Nothing but the lines below from the one holding "Resistance of 10" up to and including the one holding "- Real-time and" should be copied, exactly and without pictures.
** Provided data follows **
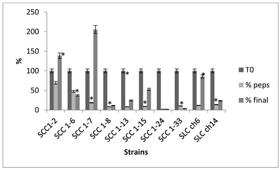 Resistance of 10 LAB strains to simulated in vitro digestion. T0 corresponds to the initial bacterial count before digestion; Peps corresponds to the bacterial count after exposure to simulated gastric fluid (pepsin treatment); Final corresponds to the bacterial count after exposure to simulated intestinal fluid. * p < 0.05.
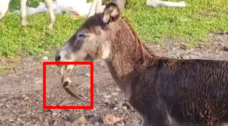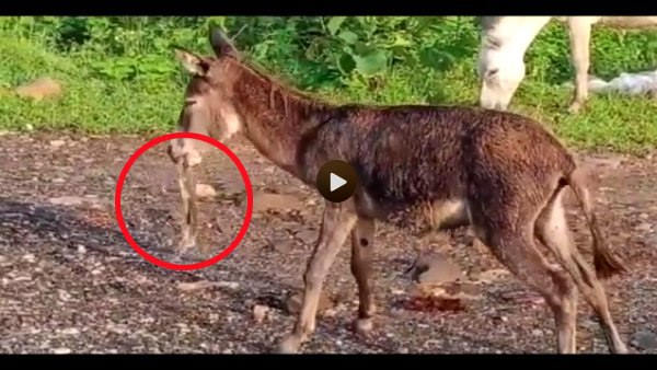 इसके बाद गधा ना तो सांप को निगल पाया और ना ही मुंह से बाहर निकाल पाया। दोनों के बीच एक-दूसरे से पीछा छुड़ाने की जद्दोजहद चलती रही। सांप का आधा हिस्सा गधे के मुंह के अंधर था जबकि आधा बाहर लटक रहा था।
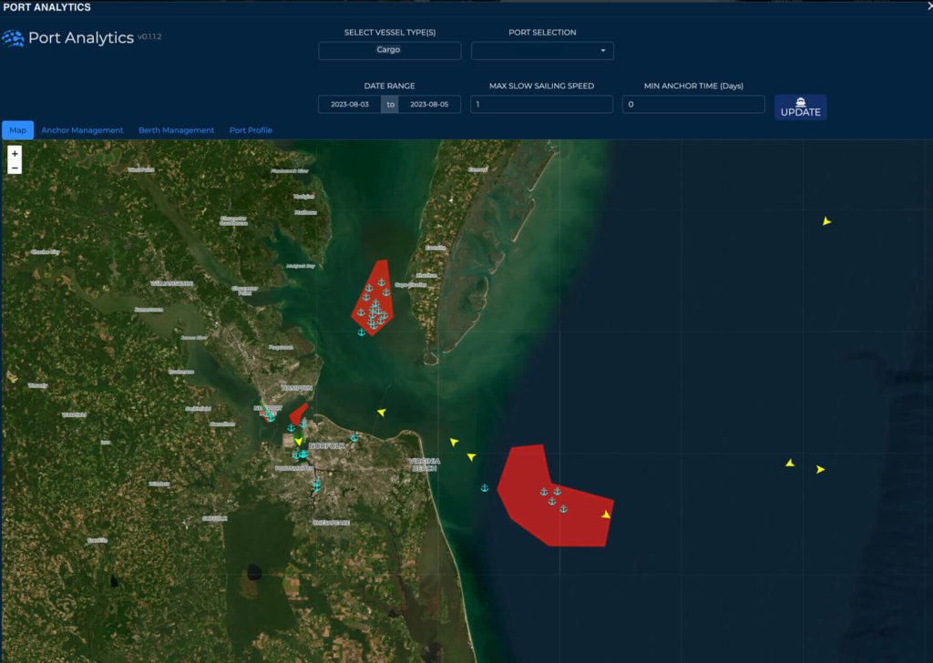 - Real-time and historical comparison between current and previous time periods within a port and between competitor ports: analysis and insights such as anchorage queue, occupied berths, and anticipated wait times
** End of Provided data **
** Provided data follows **
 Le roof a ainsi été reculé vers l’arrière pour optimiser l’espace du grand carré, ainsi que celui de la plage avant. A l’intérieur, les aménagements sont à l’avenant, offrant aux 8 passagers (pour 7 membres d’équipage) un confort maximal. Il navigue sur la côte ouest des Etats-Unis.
** End of Provided data **
** Provided data follows **
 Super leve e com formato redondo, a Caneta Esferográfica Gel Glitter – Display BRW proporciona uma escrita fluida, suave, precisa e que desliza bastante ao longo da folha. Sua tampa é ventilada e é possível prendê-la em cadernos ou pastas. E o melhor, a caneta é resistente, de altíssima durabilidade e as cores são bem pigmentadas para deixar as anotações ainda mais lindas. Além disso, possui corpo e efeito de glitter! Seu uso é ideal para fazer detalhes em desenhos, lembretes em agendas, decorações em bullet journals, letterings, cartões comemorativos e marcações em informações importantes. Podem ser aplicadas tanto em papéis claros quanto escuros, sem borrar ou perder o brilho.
** End of Provided data **
*Written response*:
 Resistance of 10 LAB strains to simulated in vitro digestion. T0 corresponds to the initial bacterial count before digestion; Peps corresponds to the bacterial count after exposure to simulated gastric fluid (pepsin treatment); Final corresponds to the bacterial count after exposure to simulated intestinal fluid. * p < 0.05.
 इसके बाद गधा ना तो सांप को निगल पाया और ना ही मुंह से बाहर निकाल पाया। दोनों के बीच एक-दूसरे से पीछा छुड़ाने की जद्दोजहद चलती रही। सांप का आधा हिस्सा गधे के मुंह के अंधर था जबकि आधा बाहर लटक रहा था।
 - Real-time and historical comparison between current and previous time periods within a port and between competitor ports: analysis and insights such as anchorage queue, occupied berths, and anticipated wait times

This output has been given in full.